さらさらきらきら

薩摩半島南端、指宿の自然と生活

道州制は本当に良いのか

2012-10-07 10:15:32 | 世の中のこと

落日一瞬の輝き(本文とは関係ありません)

道州制とは日本維新の会の結党理念のようなもので、さらに最近では進歩的な政治家や評論家の合言葉のようにすらなっている。ではそれは本当にそんなに良いものだろうか。道州制の具体的内容については人によって違いがあるので、ここではそもそもの根本である地方分権ということについて考えてみる。

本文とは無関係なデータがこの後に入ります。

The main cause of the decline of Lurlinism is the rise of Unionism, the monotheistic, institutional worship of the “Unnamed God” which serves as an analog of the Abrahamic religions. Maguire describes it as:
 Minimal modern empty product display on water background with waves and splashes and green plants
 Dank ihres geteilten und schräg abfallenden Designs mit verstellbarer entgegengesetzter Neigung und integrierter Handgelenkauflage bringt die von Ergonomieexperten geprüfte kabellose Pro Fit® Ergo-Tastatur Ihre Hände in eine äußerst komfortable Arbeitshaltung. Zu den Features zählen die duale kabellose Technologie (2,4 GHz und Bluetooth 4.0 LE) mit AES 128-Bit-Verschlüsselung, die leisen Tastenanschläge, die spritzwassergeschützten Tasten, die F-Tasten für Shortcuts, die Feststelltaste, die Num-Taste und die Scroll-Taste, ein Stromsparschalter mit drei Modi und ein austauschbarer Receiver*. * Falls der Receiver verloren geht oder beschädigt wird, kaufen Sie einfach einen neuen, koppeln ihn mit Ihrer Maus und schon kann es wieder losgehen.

今の日本は過度の中央集権体制により統治が画一化・硬直化してしまっていると言われている。そのため地域の実情に合わない政策や投資で多大の無駄が発生したり、一方必要なことがなされないため地方の衰退化を招いているとされている。そこで対極として、各地域の事情に合わせて適切かつ柔軟に対応できるよう地方分権制に変えようと考えるのは当然の成り行きと言える。またそれにより地域の自主独立意識が高まり、そして地域間で競争すればより地域振興に邁進するだろうというわけだ。

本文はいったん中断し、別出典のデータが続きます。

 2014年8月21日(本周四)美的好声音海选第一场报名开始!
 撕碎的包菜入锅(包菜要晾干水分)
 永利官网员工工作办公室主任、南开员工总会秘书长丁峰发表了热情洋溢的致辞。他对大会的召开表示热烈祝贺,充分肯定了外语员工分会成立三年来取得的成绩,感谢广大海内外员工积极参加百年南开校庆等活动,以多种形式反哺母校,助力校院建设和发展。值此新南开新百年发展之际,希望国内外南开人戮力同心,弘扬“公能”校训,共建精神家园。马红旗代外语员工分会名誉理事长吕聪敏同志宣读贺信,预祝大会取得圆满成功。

確かに議論としてはもっともだが、では本当にそんなに都合よく行くのだろうか。住民により近いところで判断・決定がされれば優れた政治・行政が実現するか。それは現実を見れば推測できそうだ。地方を回るとどうしようもない公共事業やその結果の廃墟などずいぶん目に付く。国の公共投資の無駄に勝るとも劣らない。少しでも地方自治の実態に触れるとその堕落や退廃ぶりに驚かされる。住民の近くにあって本来ならきめ細かく目が行き届くはずなのになぜこんなことになるのか。

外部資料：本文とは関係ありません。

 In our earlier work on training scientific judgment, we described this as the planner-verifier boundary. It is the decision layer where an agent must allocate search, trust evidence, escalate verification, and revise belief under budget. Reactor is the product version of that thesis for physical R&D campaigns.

まず地方の首長や議員の質に問題がある。たいていどこでも多選が問題になっているが、選挙が主義主張や人物でなく地縁血縁で決まってしまうのだ。また地方には有力企業は少ないため農協をはじめとしたごく少数の団体票で決まってしまう。そうして利権目的だけの議員や、まともな教養も常識もない無能議員などが居並ぶことになる。また地方公務員の質や意欲も低い。特に上に行くほど酷くなる。縁故採用や依怙贔屓がまかり通っているのだ。結果として行政の合理性や公平性が著しく損なわれている。しかもそれらが不透明で住民には見えない。とんでもない私物化などの噂話が流布するばかりだ。ではどうしてこんなことになるのか。たぶん身近であることは生の人間の本性がより出やすくなるからだろう。理性よりも感情や潜在意識の方が勝って人の負の側面が強調されてしまうのだ。

実際うまくいっている地方自治体などめったにない。地方の活性化の成功例など華々しく報じられることもあるが、たいてい一発勝負で長続きはしていない。どこも振興策や中長期計画など作ってはいるが、たいてい単なる作文であったり絵に描いた餅でしかない。ただ美辞麗句や願望が並べられているだけで実現可能な具体策や実行プロセスへの言及はない。計画は以前からあるのだが過去の検証やうまく行かなかった原因追及など聞いたこともない。こんな実態のところに地方分権だと言って金と権限を与えたら、かえって地方自治の闇が深まるばかりだろう。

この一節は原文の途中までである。